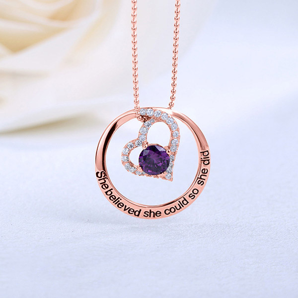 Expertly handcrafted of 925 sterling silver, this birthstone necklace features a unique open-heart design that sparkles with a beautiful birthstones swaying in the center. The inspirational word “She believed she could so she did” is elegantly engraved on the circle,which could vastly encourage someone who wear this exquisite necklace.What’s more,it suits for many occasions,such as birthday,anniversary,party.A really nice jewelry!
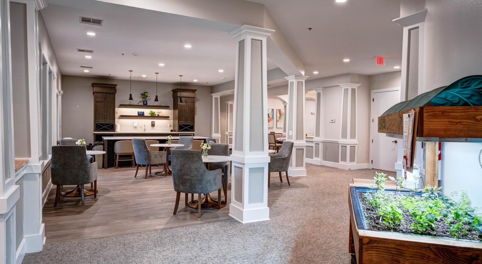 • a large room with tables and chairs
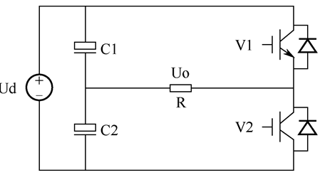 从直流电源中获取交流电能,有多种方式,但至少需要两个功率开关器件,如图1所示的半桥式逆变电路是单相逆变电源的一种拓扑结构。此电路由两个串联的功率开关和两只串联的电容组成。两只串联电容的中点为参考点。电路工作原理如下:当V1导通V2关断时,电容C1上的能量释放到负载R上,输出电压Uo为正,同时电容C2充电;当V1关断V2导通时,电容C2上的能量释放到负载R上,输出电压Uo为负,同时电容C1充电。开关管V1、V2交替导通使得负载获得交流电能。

...

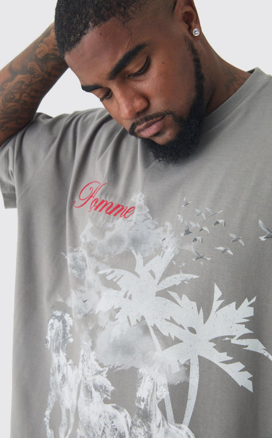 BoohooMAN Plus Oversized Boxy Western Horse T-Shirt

* Your assignment
Everything above from the line containing "tables and chairs" down to the line containing "从直流电源中获取交流电能,有" is to be duplicated exactly, both lines included, and the pictures are to be omitted.

* Your response
 • a large room with tables and chairs
 从直流电源中获取交流电能,有多种方式,但至少需要两个功率开关器件,如图1所示的半桥式逆变电路是单相逆变电源的一种拓扑结构。此电路由两个串联的功率开关和两只串联的电容组成。两只串联电容的中点为参考点。电路工作原理如下:当V1导通V2关断时,电容C1上的能量释放到负载R上,输出电压Uo为正,同时电容C2充电;当V1关断V2导通时,电容C2上的能量释放到负载R上,输出电压Uo为负,同时电容C1充电。开关管V1、V2交替导通使得负载获得交流电能。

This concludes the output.